Most of Simon's tutoring lives in economics and algebra, so non-Euclidean geometry sits at the edge of his range — but his comfort with calculus and formal mathematical reasoning means he can tackle the core ideas of how curved surfaces break Euclidean rules. He's strongest at grounding abstract concepts like geodesics and alternative parallel postulates in concrete, step-by-step logic that keeps students from feeling lost in the abstraction.

Yan's math teaching spans pre-algebra through calculus, so while non-Euclidean geometry isn't a daily subject for her, she understands how to walk students through the axiomatic shift — what happens when you drop Euclid's fifth postulate and watch familiar rules about parallel lines and angle sums unravel. Her curriculum design background means she builds explanations that move from concrete Euclidean comparisons into hyperbolic and spherical ideas step by step, keeping the abstraction grounded.
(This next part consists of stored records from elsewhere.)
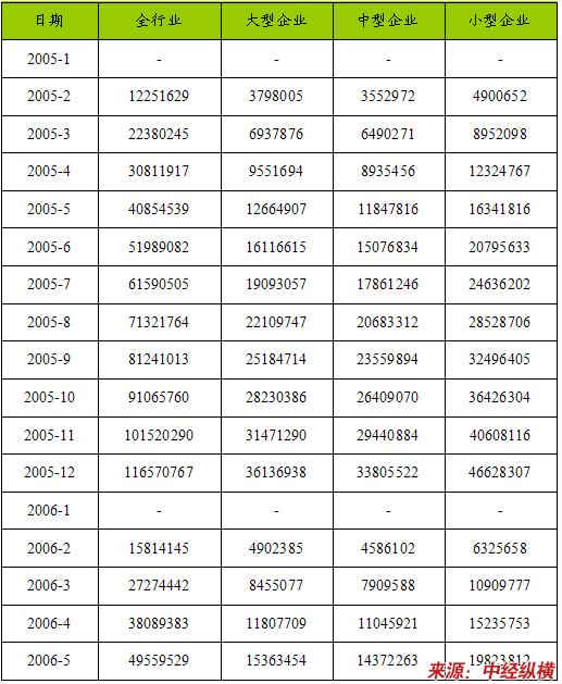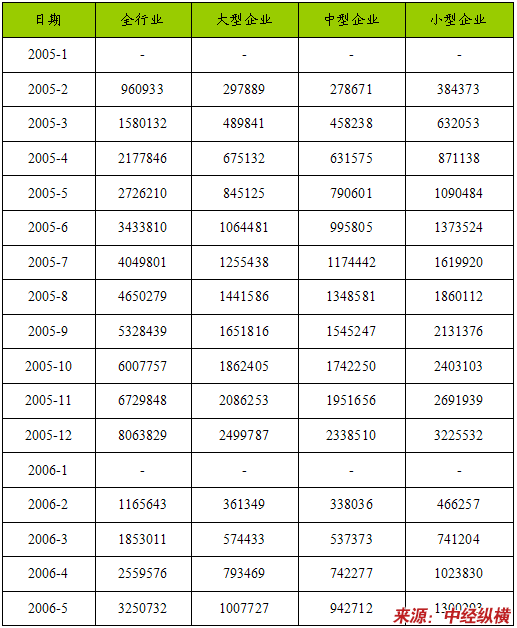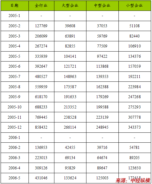 2005-2006年电机制造 行业 不同规模企业财务费用
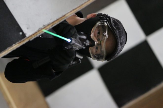 銃から発射されたBB弾がトレーサーを通過し、センサーで感知&光をフラッシュ!!!!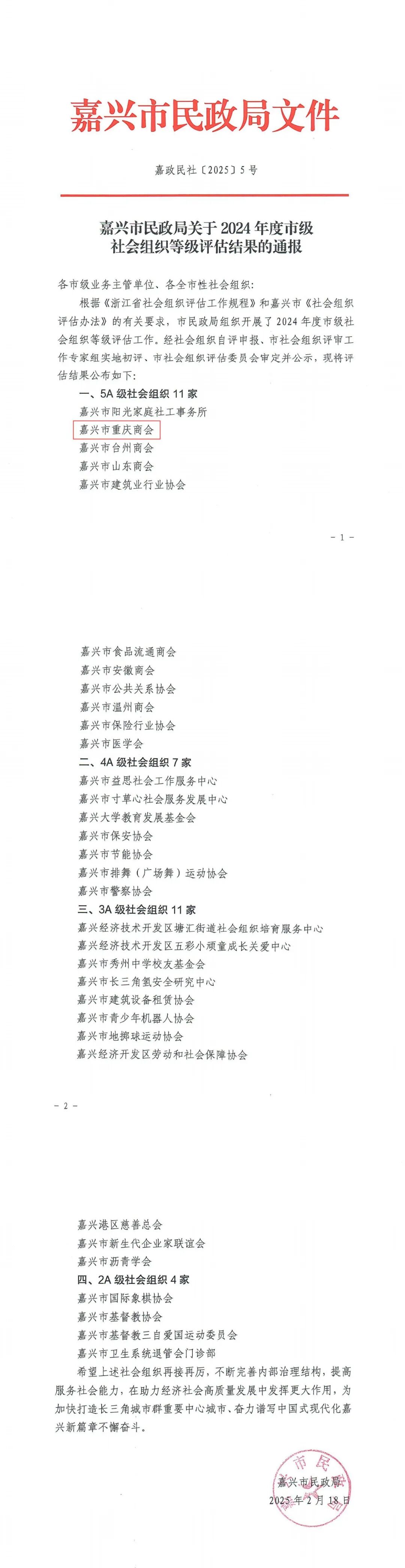 根据《浙江省社会组织评估工作规程》和嘉兴市《社会组织评估办法》的有关要求,嘉兴市重庆商会精心准备,申报5A级社会组织评估,现经市社会组织评审工作专家组实地初评、市社会组织评估委员会审定,嘉兴市重庆商会顺利通过5A级社会组织评估。这是上级对商会综合实力及工作成效的高度评价和认可。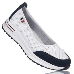 Białe mokasyny ażurowe damskie Barski 673 white/navy skórzane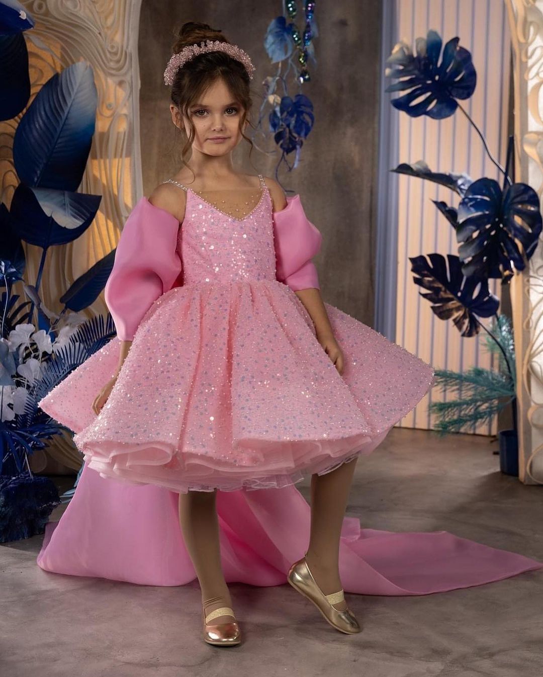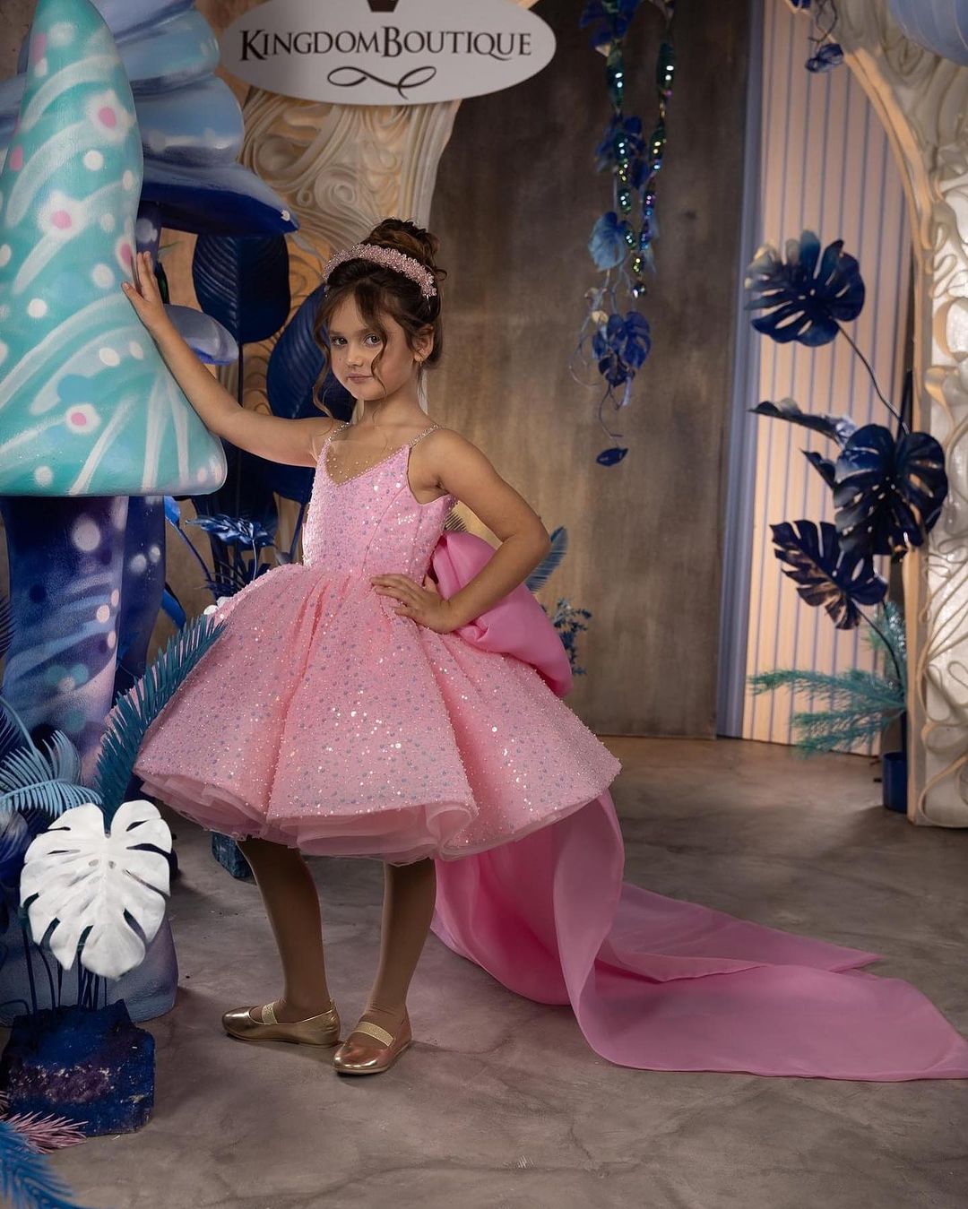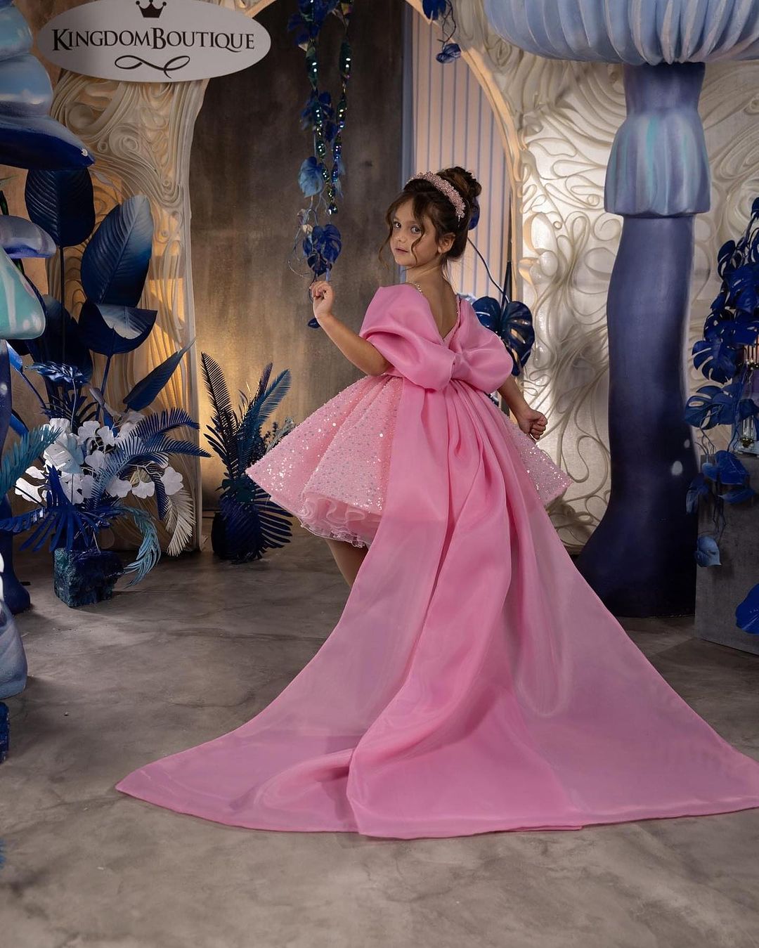This handmade bow trail dress is sure to be the perfect choice for your baby's upcoming birthday celebration.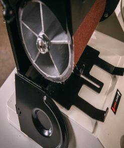 Jet belt and disc sander includes machine, sanding belt, and sanding disc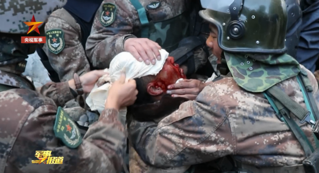 祁发宝被战友们救到一边,意识已经模糊。包扎伤口时,他突然一把扯掉头上的绷带,还想往前冲,但这一扯用尽了他昏迷前最后一丝力气,随即重重倒地。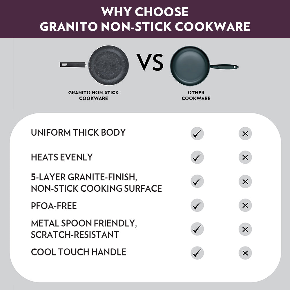 For retained qualityEven after prolonged usage, Granito cookware is scratch-resistant & maintains a smooth cooking surface.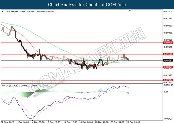 USDCHF, H4: USDCHF was traded lower following prior retracement from the resistance level at 0.8915. MACD which illustrated increasing bearish momentum suggest the pair to extend its losses toward support level at 0.8835.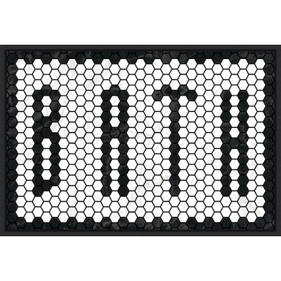 Dozens of little black hexagonal tiles work together to spell out the word Bath. Plain white tiles provide an angular contrast and fit nicely into the black tile edging.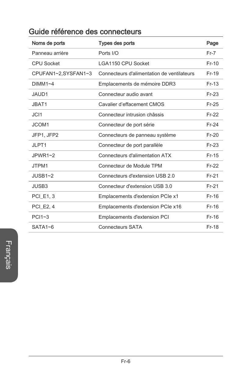 - Si vous voulez utiliser un périphérique USB 3.0, il faut utiliser une câble USB 3.0. Fr-21 Français Le port USB 3.0 est rétro-compatible avec les périphériques USB 2.0. Il supporte un taux de transfert jusqu’à 5 Gbit/s (Super-Vitesse). JTPM1 : Connecteur de Module TPM Ce connecteur est relié à un module TPM (Trusted Platform Module) en option. Veuillez vous référer au manuel du module TPM pour plus d’information détaillée.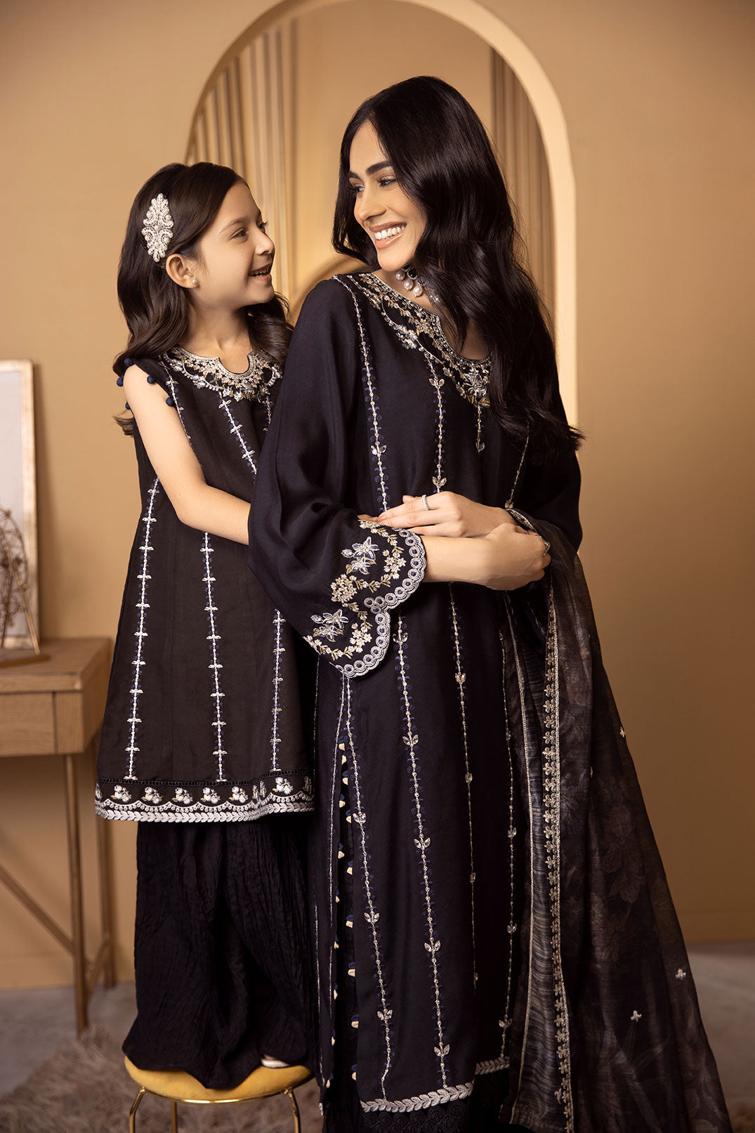 Celebrate Eid in style with this Black Embroidered Two-Piece Dress from our Mommy and Me Collection! Designed with exquisite embroidery and a trendy silhouette, this dress is perfect for your little fashionista. Coordinate with your mini-me and make memories that will last a lifetime!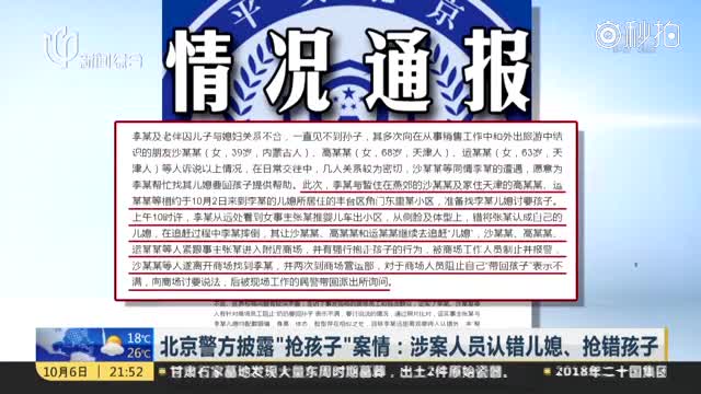 北京警方披露“抢孩子”案情:涉案人员认错儿媳、抢错孩子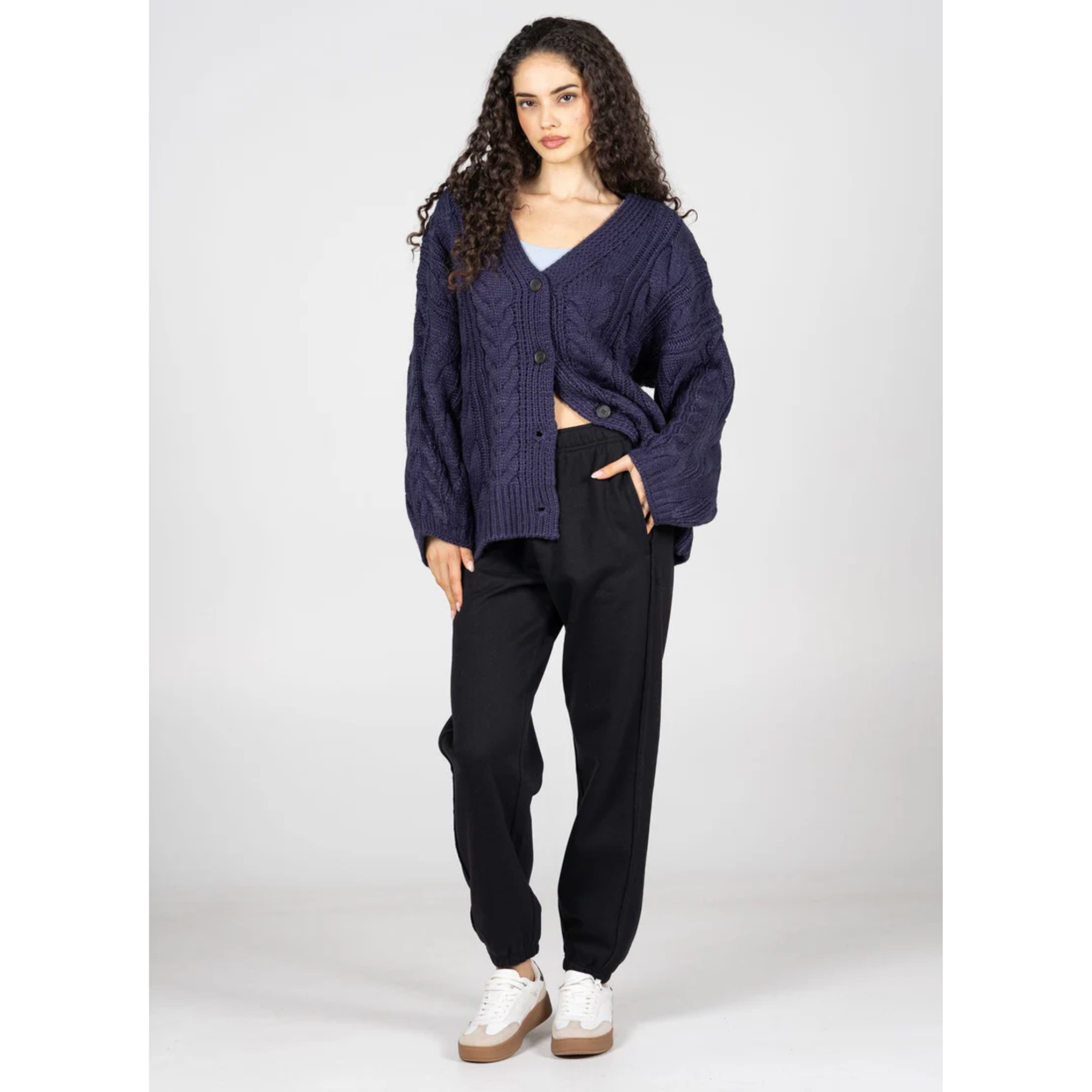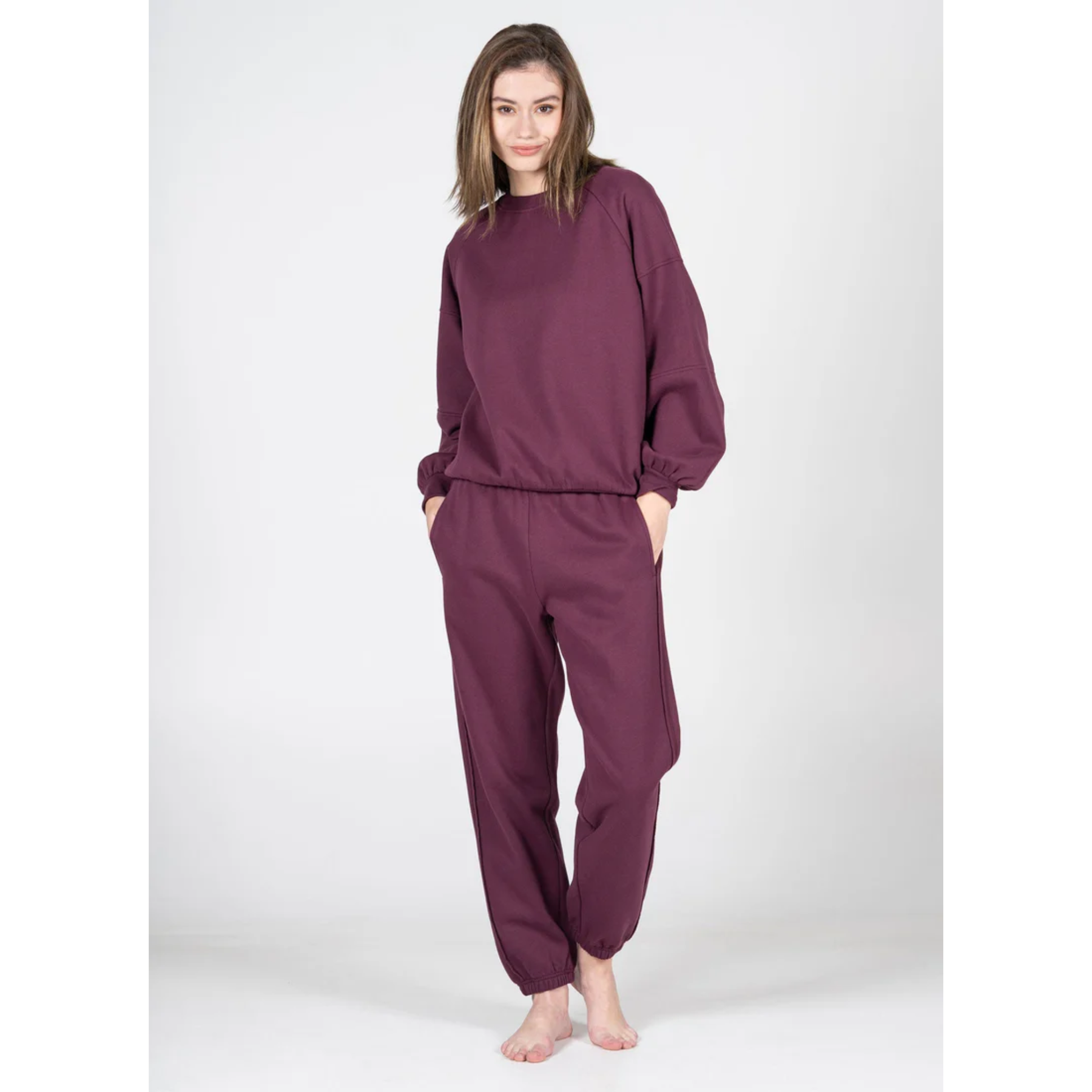 A jogger pant that features a comfy elastic waistband, cuffed ankles and two front and one back pockets.

Firas's PhD in computer science involved the kind of mathematical formalism — working with abstract structures, axiom systems, and proofs — that translates directly to understanding how non-Euclidean geometries emerge when you alter foundational postulates. He teaches the subject by connecting models like the Poincaré disk and spherical geometry back to the computational and applied math contexts where curved-space reasoning actually matters, from machine learning on manifolds to algorithm design. Rated 5.0 by students.

Felix's math degree covers the real analysis and axiomatic reasoning that underpin non-Euclidean geometry — understanding why relaxing Euclid's fifth postulate creates entirely consistent alternatives isn't just memorization, it's learning to think structurally about what makes a geometry a geometry. He unpacks models like the hyperbolic plane by connecting them back to the rigorous proof techniques students already use in standard coursework, so the leap from flat to curved spaces feels logical rather than mystifying. Rated 5.0 by students.

Biomedical engineering and applied statistics both demand comfort with mathematical structures that don't behave the way introductory courses promise — and non-Euclidean geometry is where that tension becomes explicit. William's graduate-level math training means he can trace exactly how altering Euclid's fifth postulate produces hyperbolic and spherical spaces with their own internally consistent rules about parallels, angle sums, and curvature. He grounds each model in the kind of systematic, axiom-by-axiom reasoning that makes the jump from flat to curved geometry feel earned rather than arbitrary.

Joseph's math range covers pre-algebra through calculus, so while non-Euclidean geometry isn't his everyday subject, he has the algebraic and geometric fluency to dig into how tweaking Euclid's fifth postulate reshapes the rules students have trusted since grade school. His English and acting training also sharpened a knack for narrative explanation — he teaches the shift from flat to curved spaces as a story of 'what if,' making ideas like angle sums below 180° feel like discoveries rather than abstractions. Holds a 5.0 rating from students.

Earth and environmental engineering at Columbia means Shin regularly works with curved-surface models — mapping climate data onto a sphere, for instance, requires exactly the kind of geometric thinking where Euclid's flat-plane assumptions fall apart. He brings that applied perspective to teaching how geodesics, angle sums, and parallel behavior change once you move from flat to curved spaces, keeping the concepts tied to physical surfaces students can visualize. Rated 5.0 by students.

A PhD in applied mathematics means Samuel has spent serious time with the formal machinery behind curvature, geodesics, and metric spaces — exactly the tools needed to make sense of hyperbolic and elliptic geometries. He teaches non-Euclidean geometry by building up from where Euclid's fifth postulate breaks down, then tracing how that single change ripples through everything from triangle angle sums to the behavior of parallel lines. Rated 5.0 by students.

This isn't Christina's core subject area, but her broad math teaching range — from pre-algebra through calculus — means she can bridge the gap when students first encounter the idea that Euclid's parallel postulate isn't the only option. She breaks down how changing that single axiom produces hyperbolic and spherical worlds where familiar rules about angles and lines no longer apply, keeping the focus on building intuition rather than drowning in formalism.

I am listening to and learning about him or her as an individual. I can also discover what motivates the student during this conversation and plan for how to frame future tutoring sessions in terms of what the student already knows and enjoys.